The bite-sized, gooey dumplings are a staple dish in the Mountain Deep.

In the absence of crops, elves rely primarily on ingredients that grow in the depths without much effort or magic. The most common of these are mushrooms, and dumplings can be made from a variety of ingredients. The fluorescent blue amanita, the fleshy stinkhorn, the clustered bell mushroom that hangs from the roofs of caves, and the translucent, giant ghost mushroom are popular choices, and all are available in settlements around the city regardless of the season.
The mushrooms are washed thoroughly, boiled until soft, then pounded in a large stone mortar with a little water until they have a completely creamy consistency. The mass is seasoned with rock salt and their favorite spices; the characteristic, sweet base flavor is provided by dried and powdered red snail mushrooms, for example.
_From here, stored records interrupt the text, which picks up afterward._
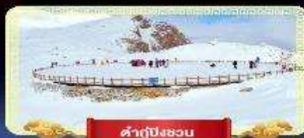
คำกู่ปิงชอน
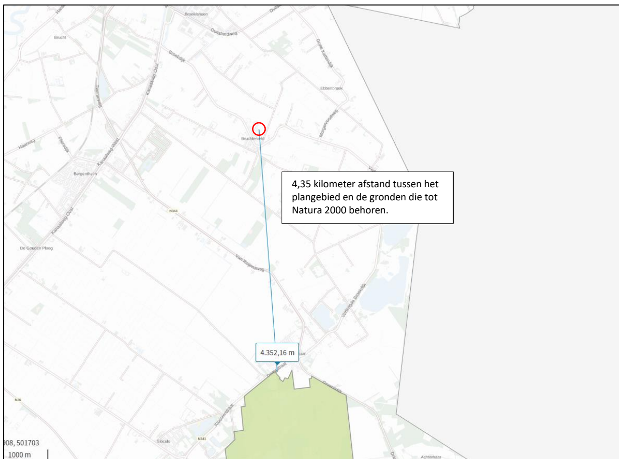
Ligging van Natura 2000-gebied in de omgeving van het plangebied. De ligging van het plangebied wordt met de rode cirkel aangeduid. Gronden die tot Natura 2000 behoren worden met de lichtgroene kleur aangeduid.

Het plangebied ligt op minimaal 4,35 kilometer afstand van Natura 2000-gebied. Het meest nabij gelegen Natura 2000-gebied, is Engbertsdijkvenen. Op onderstaande afbeelding wordt de ligging van het Natura 2000-gebied in de omgeving van het plangebied weergegeven.
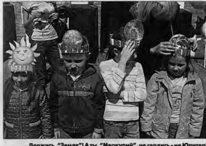
Держись, "Земля"! А ты, "Меркурий", не сердись - не Юпитер!

- Помнишь, мы были с тобой недавно в театре? Так вот, планетарий - это "астрономический театр". Там можно увидеть звезды, которые мы с тобой рассматриваем, когда гуляем по вечерам, и планеты. Об одном созвездии под названием Большая медведица, я тебе рассказывала, - обстоятельно объяснила пожилая женщина. - Да, да, да! А как она там оказалась? А чем занимается? А почему ее называют Большой? - Вот пойдем в планетарий и узнаем.
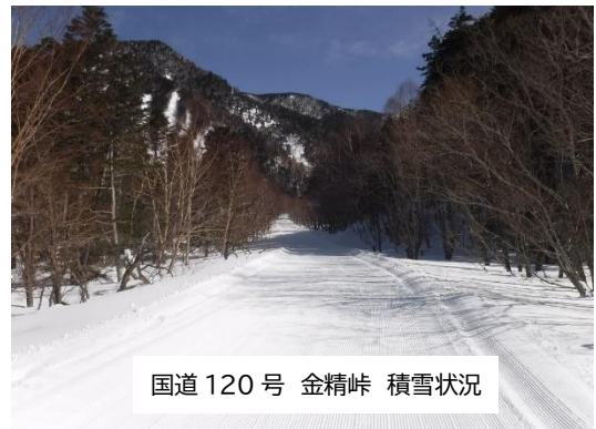
国道 120 号 金精峠 積雪状況
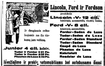
18 pav. Apžvalga 1936, 12: 6.
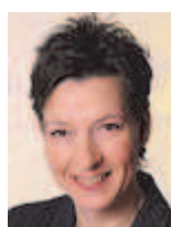
Gabriele Heinisch-Hosek Bundesministerin für Frauenangelegenheiten und Öffentlichen Dienst

Bei der Zusammensetzung der Bundesregierung gibt es verschiedene Formen:
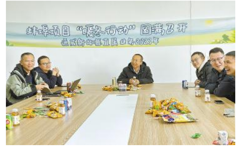
茶话会倾听一线心声

! " # $ % & ' ( ) * + , - . / 0 1 2 3 4 5 6 7 8 9 : ; < = > ? @ A B C D E F G H I J K L M N O P Q R S T U V W X Y Z [ \ ] ^ _ ` a b c d e f g h i j k l m n o p q r s t u v w x y z { | } ~ ¡ ¢ £ ¤ ¥ ¦ § ¨ © ª « ¬ ® ¯ ° ± ² ³ ´ µ ¶ · ¸ ¹ º » ¼ ½ ¾
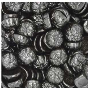
OURSIN SALMIAK JOR3686 21.38€
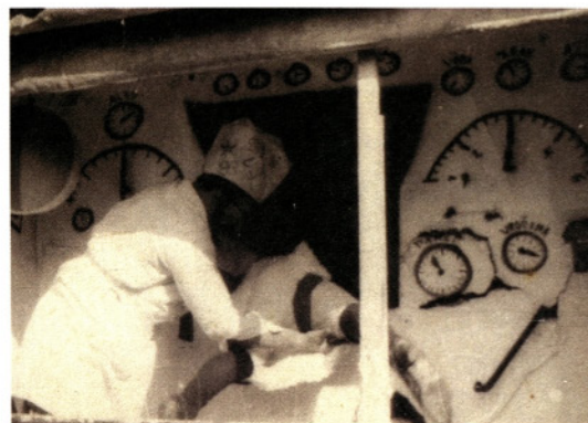
Mlin za pomlajevanje žensk
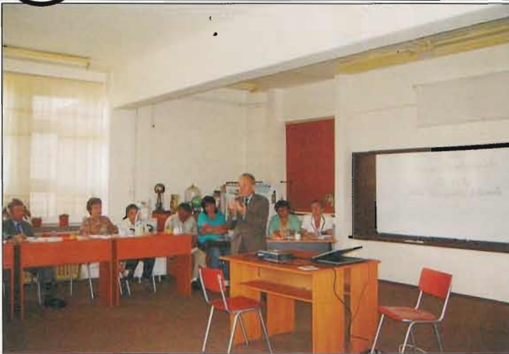
Liceul Tehnic pentru Protecția Mediului din Pitești
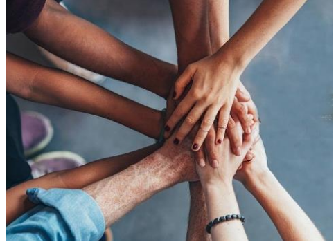
de kerk als gemeenschap

Tegelijkertijd ben ik mij als Quaker bewust van mijn behoefte aan een eigen plaats en gemeenschap, een zichtbaar thuis, om mijn eigen weg te kunnen blijven volgen. Ik heb een familie nodig, maar ook een kring van vrienden. Families zijn echter niet altijd gemakkelijk om mee te leven. Niet alle families zijn erg vriendelijk. Sommigen houden zich meer bezig met ge-
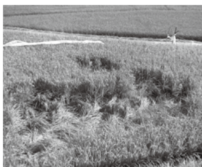
イノシシによる水稻被害

相良村では、農作物等の鳥獣被害を防止するため、相良村有害鳥獣捕獲隊に駆除の依頼をしています。捕獲隊の皆さんには、お忙しい中ボランティアで協力していただいております。夏の暑い日にも目撃情報があった場所につけ、農作物等の被害防止のために駆除活動に取り組んでおられます。そのような中で、「農作業の邪魔になるから入っ
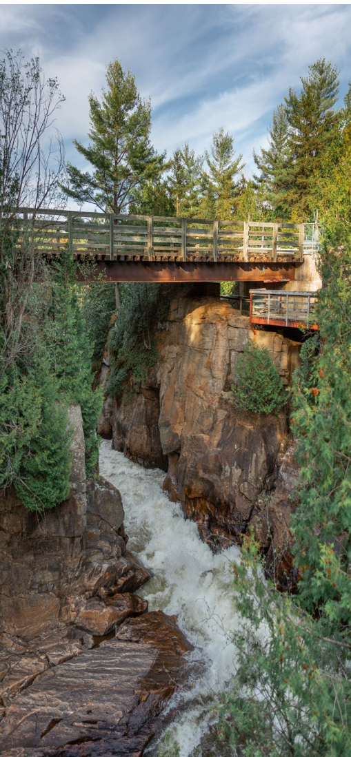
Chute des Dalles — Fabien Proulx-Tremblay

Parc régional des chutes Monte-à-Peine-et-des-Dalles administration@parcdeschutes.com 450 883-6060 parcdeschutes.com
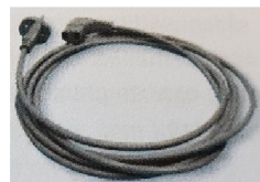
48274 Strömkabel 3m
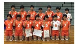
★近畿大会 第3位 女子バレーボール部
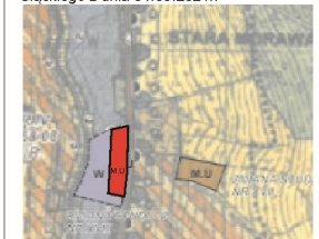
Teren objęty m.p.z.p

Kopia studium uwarunkowań i kierunków zagospodarowania przestrzennego miasta i gminy Stronie Śląskie zatwierdzone uchwałą Nr XXXIII/226/2021 Rady Miejskiej Stronia Śląskiego z dnia 31.03.2021r.
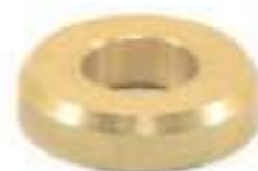
Bucha Bronze Encosto Eixo Hidráulico

Aplicação: Valmet VT 62 / 65 / 68 Valmet VT 78 Valmet VT 85 / 86 / 88
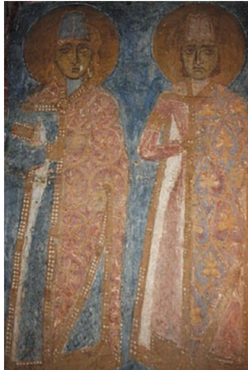
◀ Барыс і Глеб. Фрэска. Спаса-Праабражэнская царква Спаса-Еўфрасіннеўскага манастыра, г. Полацк

Аднак, як аргументавана адзначаюць даследчыкі старажытнарускага княжацкага антрапанімікона, «калі нават прытрымлівацца версіі, паводле якой згаданы ў Маскоўскім летапісным зборы Васіль з’яўляецца сынам Рагвалода, гэтага зусім не дастаткова для атаясамлівання яго з Рагвалодам-Васілём
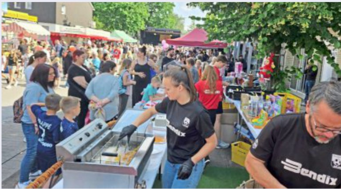
Kulinarischer Tipp: Selbstgedrehte Kartoffelspiralen vom Förderverein RW Ahlen Damenfußball-

kordzahl von Akteuren vor und hinter den Kulissen die passende Bühne zu bieten. 80 Aktive, 20 Aktions- und 40 Flohmarktstände – so die beeindruckenden Zahlen. Das Bühnenprogramm zeigte sich bunt und voller Power. Musik wechselte sich mit Tanzeinlagen ab, an denen eine Vielzahl Ahlener Vereine und Institutionen beteiligt waren. Abseits der Bühne wurde von Puppentheater bis Bungee-Jumper für jeden Geschmack etwas geboten. Mit Livemusik am Abend mit „Shanneningans“ und „Six Pages“ klang das Fest aus.
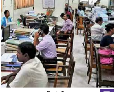
హైదరాబాద్, ఏప్రిల్ 1 (నినాదం):

తెలంగాణ రాష్ట్రంలోని వేలాది మంది కాంట్రాక్ట్ అవుట్సోర్సింగ్ ఉద్యోగులకు రాష్ట్ర ప్రభుత్వం ఒక తీపి కబురు అందించింది. గత కొన్నిన్నాగా వేతనాల చెల్లింపులో ఎదురవుతున్న తీవ్ర జాప్యం, మధ్యస్థుల అక్రమాలకు అడ్డుకట్ట వేస్తూ ప్రభుత్వం కీలక నిర్ణయం తీసుకుంది. ఇకపై ఏప్రిల్ నెల నుంచి ఈ ఉద్యోగులందరికీ నేరుగా వారి బ్యాంక్ ఖాతాల్లోనే జీతాలు జమ చేయాలని స్పష్టమైన ఆదేశాలు జారీ చేసింది.
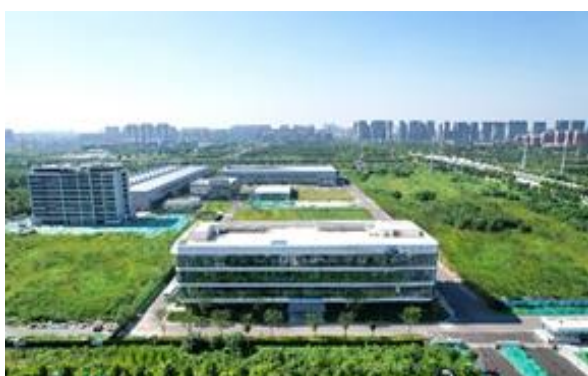
英科医疗智能医疗器械研发营销科技园
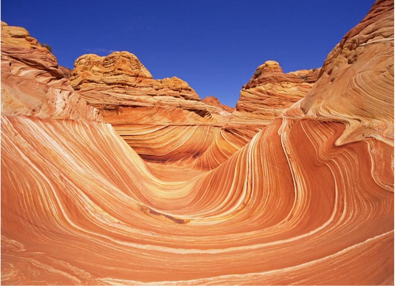
Visitare le Coyote Buttes, nel Parco Vermilion Cliffs National Monument, in Colorado
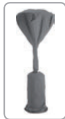
Pláštenka (č. 5662)

Výkon 6 kW horáka Eco Green poskytuje rovnaké množstvo tepelného žiarenia ako 12 kW horák bežného patio ohrievača. Jeho vlastnosti chrániace životné prostredie stoja obzvlášť za zmienku: využívaním 6 kW Eco Green horáka sa znížia emisie CO 2 o 50 %. Používaním 6 kW horáka Eco Green znížite spotrebu plynu a teda zásadným spôsobom o 50 % znížite aj prevádzkové náklady.
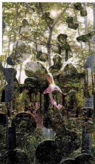
« LE JARDIN DU VERSTOHLLEN », À CHAUMONT-SUR-LOIRE.

« AGNÈS THURNAUER. ALIÉNOR L'OURAGANE », jusqu'au 16 juillet, musée d'Art moderne de Fontevraud (49).
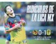
RIDÍCULOS DE LA LIGA MX
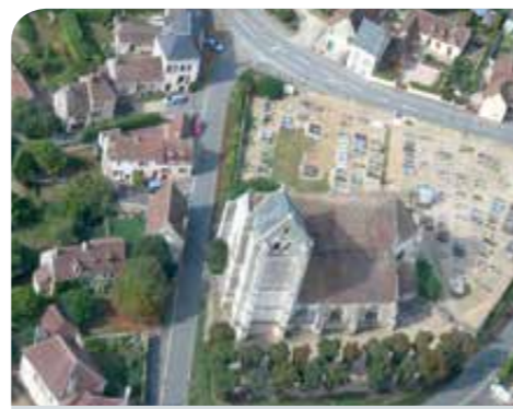
Le droit des sols génère chaque année environ 3000 demandes à l'échelle du Perche ornais.

D epuis le 1 er juillet 2015, l'instruction des autorisations d'urbanisme (permis de construire, d'aménager, de démolir, certificat d'urbanisme, déclaration préalable, etc.) n'est plus assurée par les services de l'État. Cette mission a été confiée à un service mutualisé d'instruction créé au sein du Pays du Perche ornais. Deux instructeurs à mi-temps ont été recrutés pour le faire fonctionner. Les communes de Mortagne-au-Perche, Bazoches-sur-Hoëne, Saint-Hilaire-le-Châtel, Sainte-Céronne-lès-Mortagne, La Chapelle-Montligeon et Saint-Langis-lès-Mortagne disposant d'un document d'urbanisme ont été les premières à adhérer à ce service. Dans la pratique, les mairies jouent le rôle de guichet unique en réceptionnant les demandes. Elles les transmettent ensuite au Pays pour instruction. Après approbation du PLUi, ce pôle de compétences répondra aux demandes provenant des 33 communes composant la CdC du Bassin de Mortagne-au-Perche. Contact : 02 33 85 80 80. Pays du Perche ornais, ancien Palais de justice, 8, rue du Tribunal, Mortagne-au-Perche.
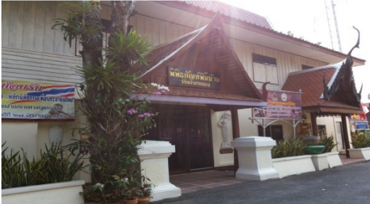
ภาพที่ 2 พิพิธภัณฑ์พื้นบ้าน วัดฝั่งคลอง

มุมที่ 9 จัดแสดง “ของสะสม” ในการใช้ชีวิตประจำวันของชาวไทยพวนในอดีต
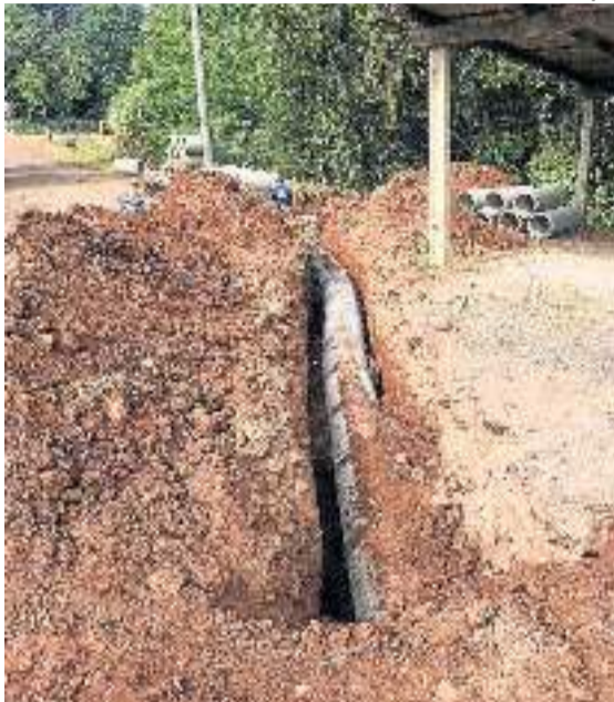
Trabalhos iniciam na Rua do Moinho

Em Linha Ernesto Alves - Seca Baixa - já foram executadas a limpeza, a abertura de valas, a colocação de tubos e a remoção de solos ruins. Em seguida, foi finalizada a terraplanagem com aterro, nivelamento da pista e compactação. Agora o trecho está pronto para receber o pavimento de rachão e depois o asfalto.
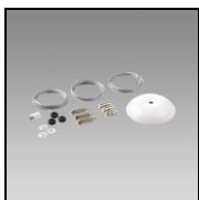
1000.3193 Set de montage

Set de câble Solo Slim 3x0.75 mm 2 , transparent, 3 pôles, L = 3200 mm
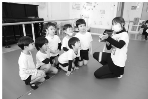
演技を確認する子ども達

男の子と女の子にクラスを分けて、発表会に向けた作品づくりを始めました。最初は、振り付けをなかなか覚えることができませんでした。が、上手にできている部分を褒め、子どもの主体性、自主性、自発性を伸ばすことを大切に指導していきました。できた子がまだできていない子に教える姿も見られ、やさしさや感謝、お互いを尊重し合うといった心の成長も感じることができました。
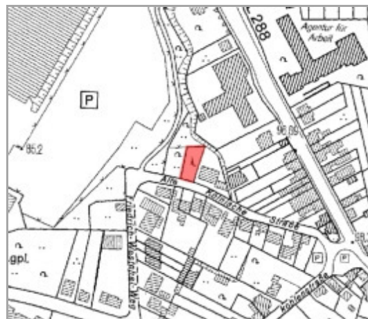
DGK 5

Hinweis: Alle Angaben sind ohne Gewähr. Durch die Aufnahme des Grundstücks in die Baulückenbörse können keine planungs- oder bauordnungsrechtlichen Ansprüche abgeleitet werden. Eine Bebaubarkeit kann verbindlich nur über eine Bauvoranfrage oder einen Bauantrag für ein konkretes Vorhaben geklärt werden.
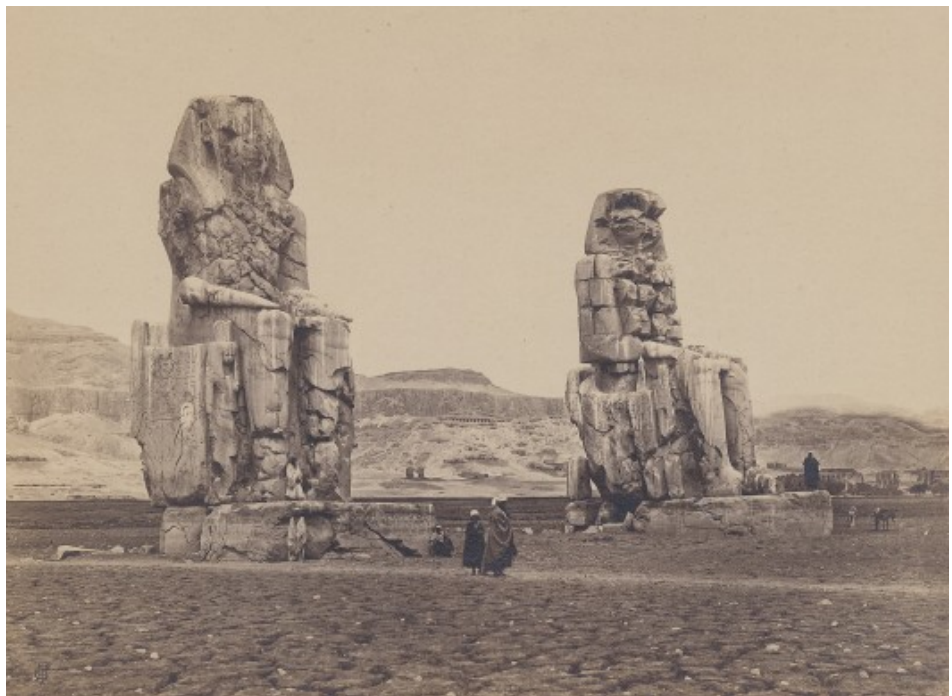
Frank Mason Good, Colossi of Memnon, Qurna 1869.

I rapporti tra l'Italia e l'Egitto, sia a livello politico che culturale, sono stati da sempre forti e fecondi, molto prima della moda scoppiata in Europa a seguito della spedizione di Napoleone Bonaparte, che però ebbe il merito di "riproporre" la terra dei Faraoni all'attenzione del grande pubblico.
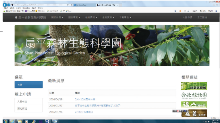
扇平新建置網站首頁。
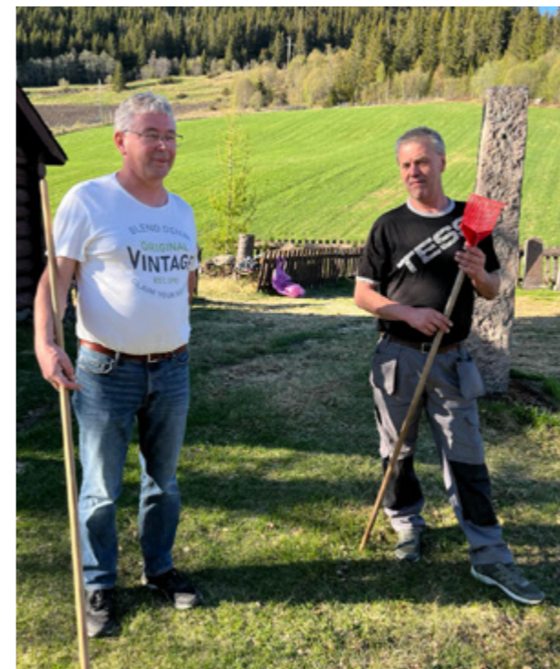
Dugnad ved Hegge.
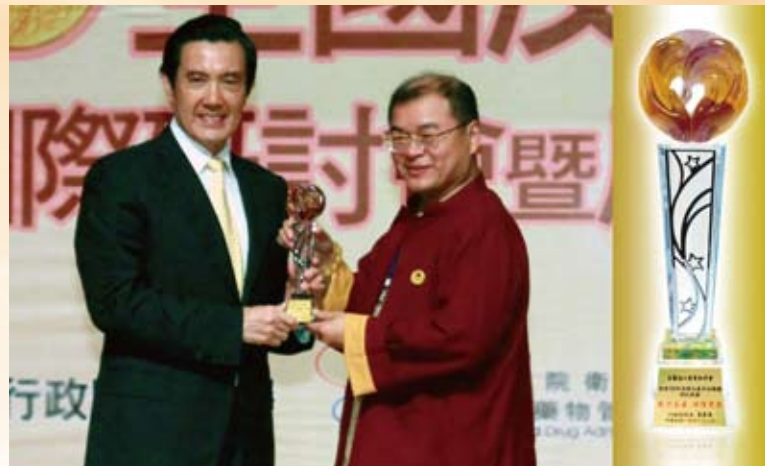
馬總統英九先生親自頒發全國反毒有功獎座，由世界和平聯盟創會主席吳錫銘博士教授代表受獎。

穩定提供三餐不濟的貧困兒童愛心早餐與營養食品，補充孩子成長與學習所需的營養，讓他們有足夠的體力與精神好好學習，進而達到脫貧的目的。99年該會共照顧994個個案，服務70,427人次。
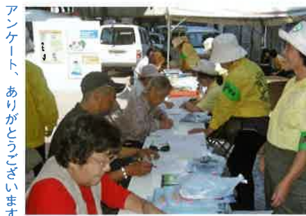
アンケート、ありがとうございます

「暮らしを守る防犯展」、小さな活動ではありますが、女性部の真摯な地域安全活動により、自主防犯意識が一層市民に浸透し、「安全・安心の街浜松」が実現することを願って活動を続けていきます。

Small dumplings are formed from the dough, then steamed until ready.
Serve chilled.

In noble houses, at receptions of the priestesses of the Thousand Years Light or at various festivals, it happens that the dumplings are filled with cream cooked from fruits collected on the surface, or whole berries are hidden in the middle. It is said that at the queen's receptions, spices purchased from other countries can sometimes be tasted.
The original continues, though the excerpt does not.